In this study, the quantitative analysis of cathepsin D level showed that cathepsin D expression was rather increased in inflamed gingiva with or without type 2 DM compared to healthy gingiva. The differences among three groups were statistically significant between group 1 and group 2 and between group 1 and group 3, and between group 2 and group 3 (p<0.05) (Table 2, Fig. 4). These results are similar to previous researches in which of Jotterand and Cimasoni [52] and Feron et al. [53]. Jotterand and Cimasoni [52] reported that there was a positive and statistically significant correlation between the cathepsin D specific activity and the degree of gingiva inflammation, and Feron et al. [53] has demonstrated that there was an increase of cathepsin D activity found in serum of diabetic patients compared to control subjects. A significant correlation between cathepsin D activity and the degree of gin-gival inflammation was found supporting the hypothesis of participation in the destruction of periodontal tissues during periodontal disease.
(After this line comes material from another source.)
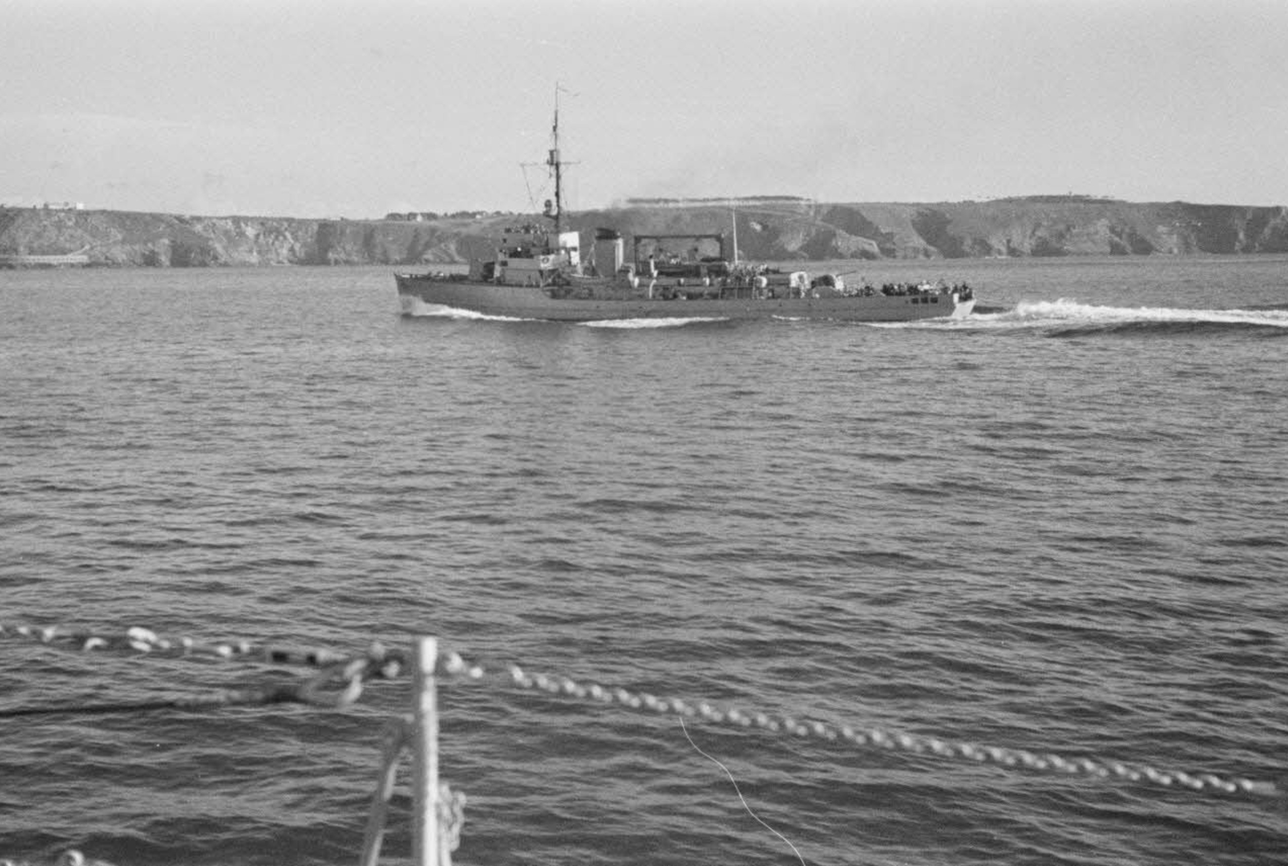 Flugsicherungsschiff Richthofen a 1935 minesweeper converted into a pilot rescue ship entering fishing port in Douarnenez Brittany France 07

It assumed that there was higher inflammatory response in chronic periodontitis associated to type 2 DM. The design and synthesis of specific cathepsin D inhibitors are also of great interest and may have important research and therapeutical consequences in the future.

Thus, it can be assumed that CRP Level is an indicative of systemic inflammation from either a periodontal infection or inflammatory disease and ADAM17 protein, one of the inflammatory mediators, may be closely associated with the cathepsin D expression which is indispensable for various inflammatory disorders.

In conclusion, this study demonstrated that the expression levels of CRP, ADAM17 protein, and cathepsin D had increasing tendency in human gingival inflamed tissue from chronic periodontitis with type 2 DM showed increased level compared to healthy gingiva from non-periodontitis patient or periodontitis patient without type 2 DM. It can be assumed that CRP, ADAM17 protein and cathepsin D may be partly involved in the progression of periodontal inflammation associated to type 2 DM. The present results support the concept that CRP, ADAM17 protein and cathepsin D play important roles in tissue destruction and could be used as indicator materials on diagnosis and treat-ment modality of inflammatory disease including chronic periodontitis. Finally, it is suggested that more studies are needed to investigate the effect and interrelationship between CRP, ADAM17 protein and cathepsin D other inflammatory mediators that affect the progression of peri-odontal disease with or without DM at a higher level.

CONFLICTS OF INTEREST

The authors declare that they have no competing interests.